◆ Your assignment: Beginning with the line containing "Difficulté supplémentaire : le" and ending at the last line of the data, set down every line exactly, leaving out all pictures.

[Extracted records]
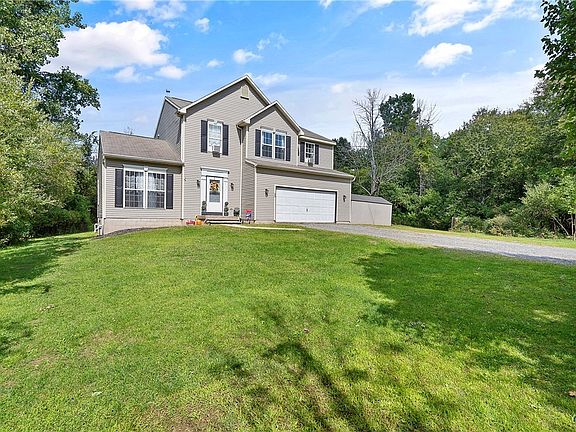 Charming colonial style home for sale located in Oswego, NY! This 2001 built home features four bedrooms, two full bathrooms and one half bathroom. Completely remodeled interior and hardwood flooring throughout. Formal living space with cathedral ceilings and great natural lighting from the skylights. Spacious kitchen with island and brand new stainless steel appliances. Breathtaking formal dining space with accent wall and built-in electric fireplace. First floor laundry and half bathroom for convenience. Oversized primary bedroom and bathroom combo with jacuzzi tub and double sink vanity located on the second level of the home. Three additional guest rooms with separate full bathroom. Two car attached garage and gravel driveway. Nestled on 1.11 acres of land with a back patio and private yard. Shed and trampoline convey with the sale of the home.
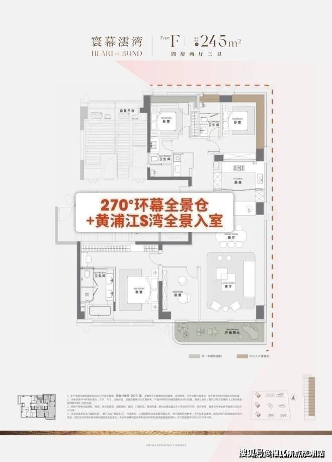 ④三卧全尺度奢适,主卧临窗浴缸瞰江!X空间定制方案可选,实现多场景布置!
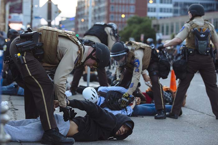 逮捕 5月31日,在美国明尼苏达州明尼阿波利斯市,示威者被警察逮捕。
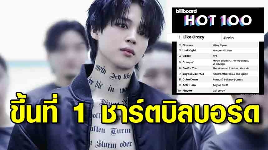 จีมิน BTS ศิลปิน K-pop เดี่ยวคนแรก! เพลง "Like Crazy" ขึ้นที่ 1 ชาร์ต Billboard Hot 100
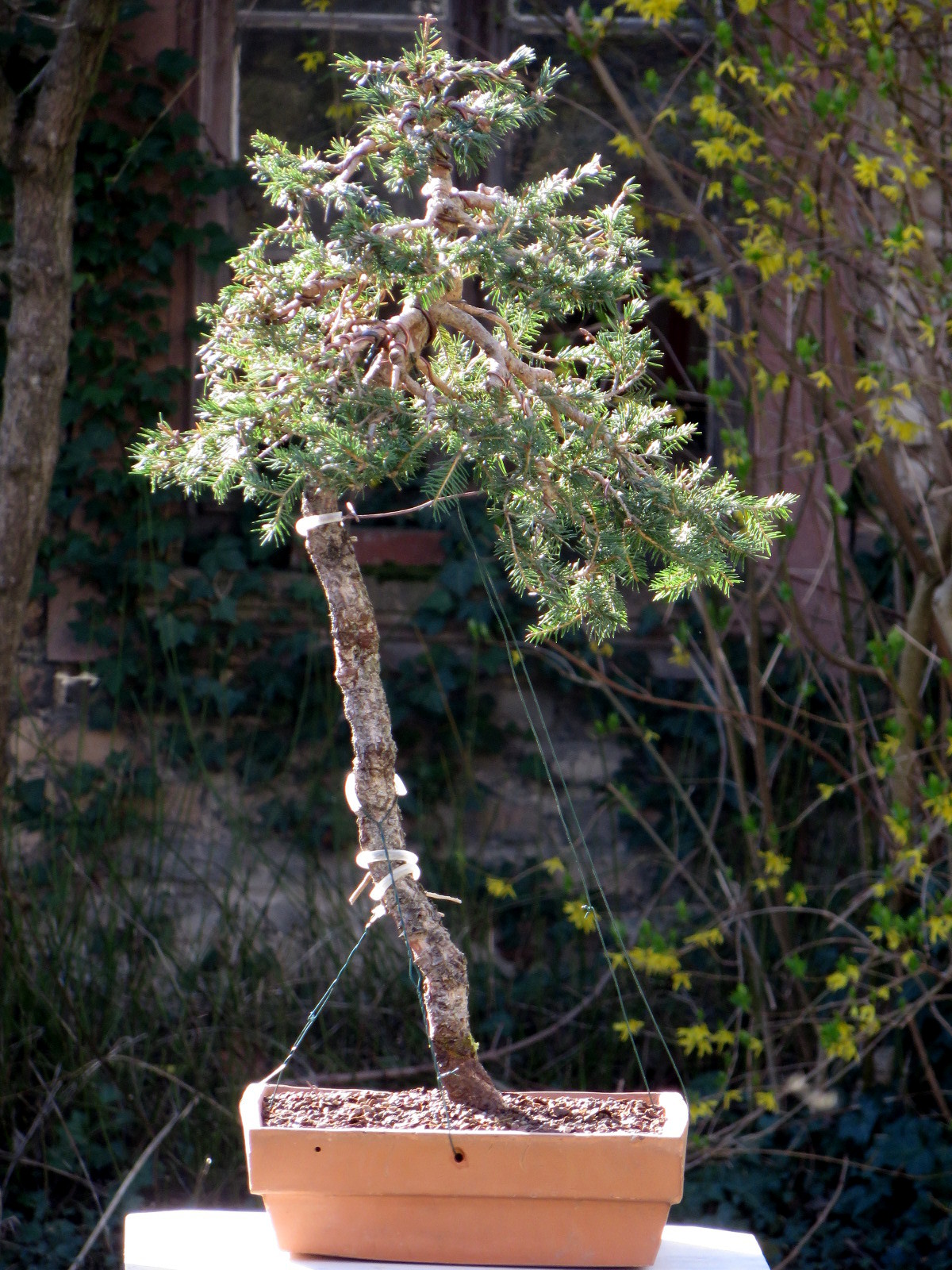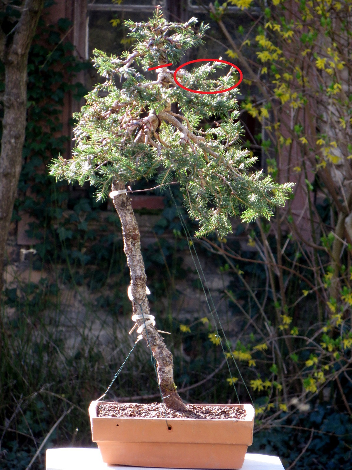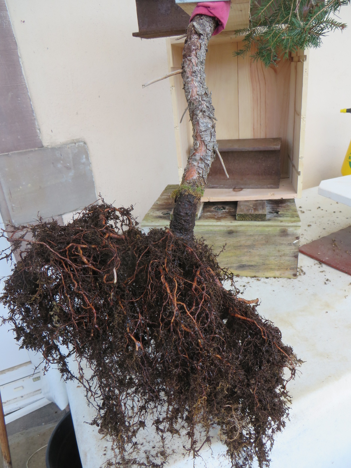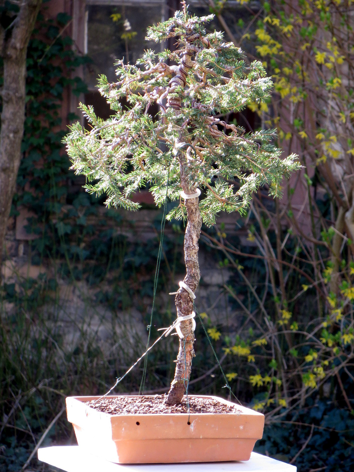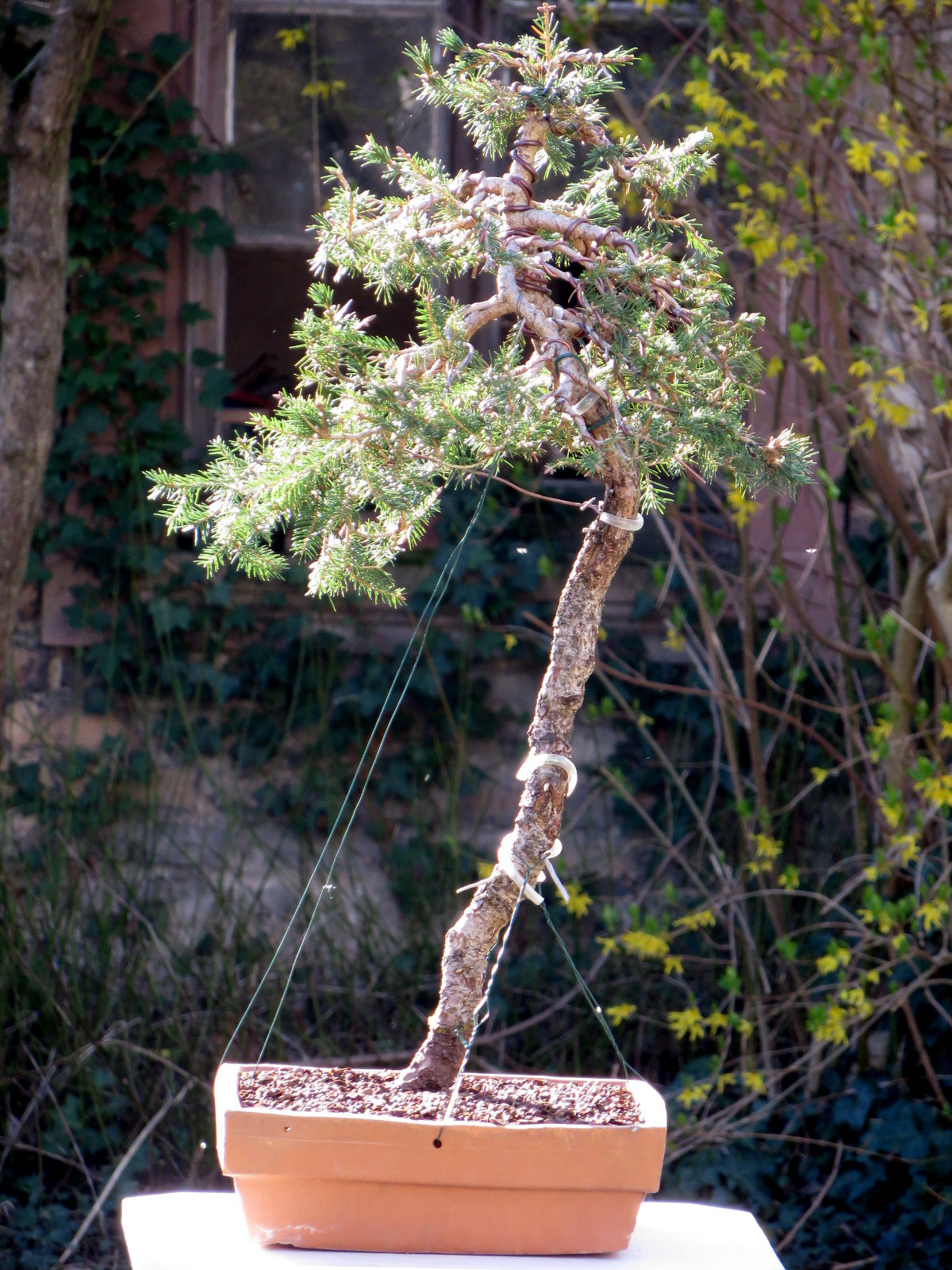 Difficulté supplémentaire : le départ du tronc doit être bien penché et le rester sur ses deux tiers. D'où un déséquilibre avant de pouvoir fixer l'arbre au pot.
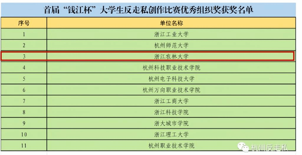 近日,第二届全国大学生反走私创作大赛获奖名单、首届“钱江杯”大学生反走私创作比赛获奖名单先后公布。在第二届全国大学生反走私创作大赛中,我校获高校组优秀组织奖,3件学生作品获优秀奖,郭冰老师获优秀指导教师奖。在首届“钱江杯”大学生反走私创作比赛中,我校获优秀组织奖,文法学院谭解等创作的《反走私风云》获得视频类作品三等奖,另有11件学生作品获优秀奖,郭冰、周雪峤2名老师获优秀指导教师奖。
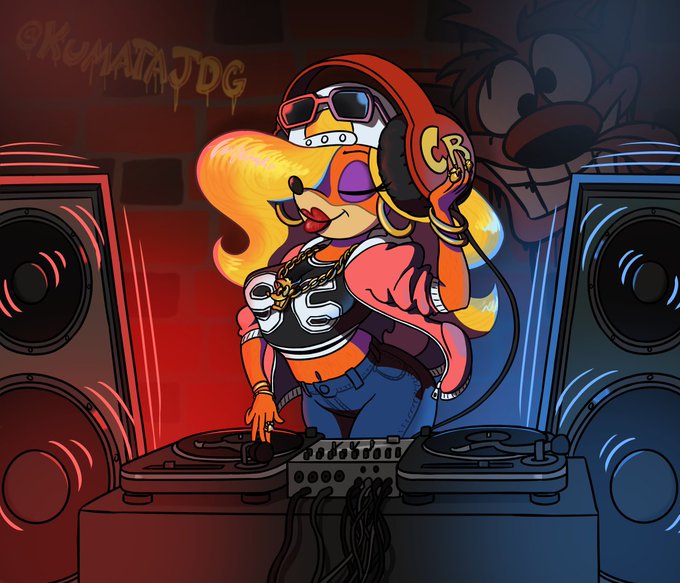 A recent commission of Tawna Bandicoot as a DJ! I had free reign on the outfit and tried to go with something that was very 90s hip-hop #CrashBandicoot #CrashBandicootFanart
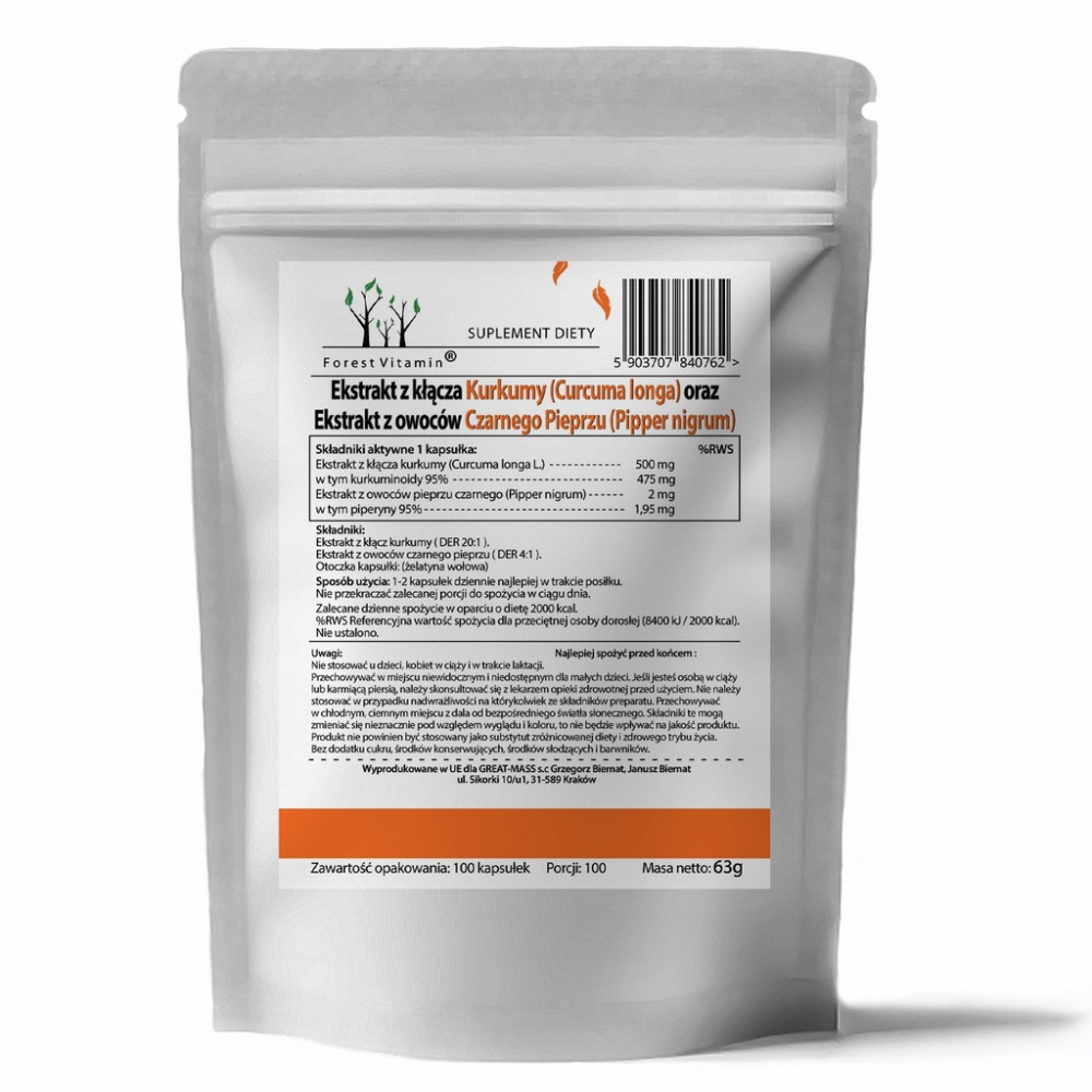 Nasz suplement diety zawiera najwyższej jakości ekstrakt z kurkumy oraz czarnego pieprzu, który jest naturalnym źródłem piperyny – składnika wspomagającego wchłanianie kurkuminy.

◆ Answer to this problem:
 Difficulté supplémentaire : le départ du tronc doit être bien penché et le rester sur ses deux tiers. D'où un déséquilibre avant de pouvoir fixer l'arbre au pot.
 近日,第二届全国大学生反走私创作大赛获奖名单、首届“钱江杯”大学生反走私创作比赛获奖名单先后公布。在第二届全国大学生反走私创作大赛中,我校获高校组优秀组织奖,3件学生作品获优秀奖,郭冰老师获优秀指导教师奖。在首届“钱江杯”大学生反走私创作比赛中,我校获优秀组织奖,文法学院谭解等创作的《反走私风云》获得视频类作品三等奖,另有11件学生作品获优秀奖,郭冰、周雪峤2名老师获优秀指导教师奖。
 A recent commission of Tawna Bandicoot as a DJ! I had free reign on the outfit and tried to go with something that was very 90s hip-hop #CrashBandicoot #CrashBandicootFanart
 Nasz suplement diety zawiera najwyższej jakości ekstrakt z kurkumy oraz czarnego pieprzu, który jest naturalnym źródłem piperyny – składnika wspomagającego wchłanianie kurkuminy.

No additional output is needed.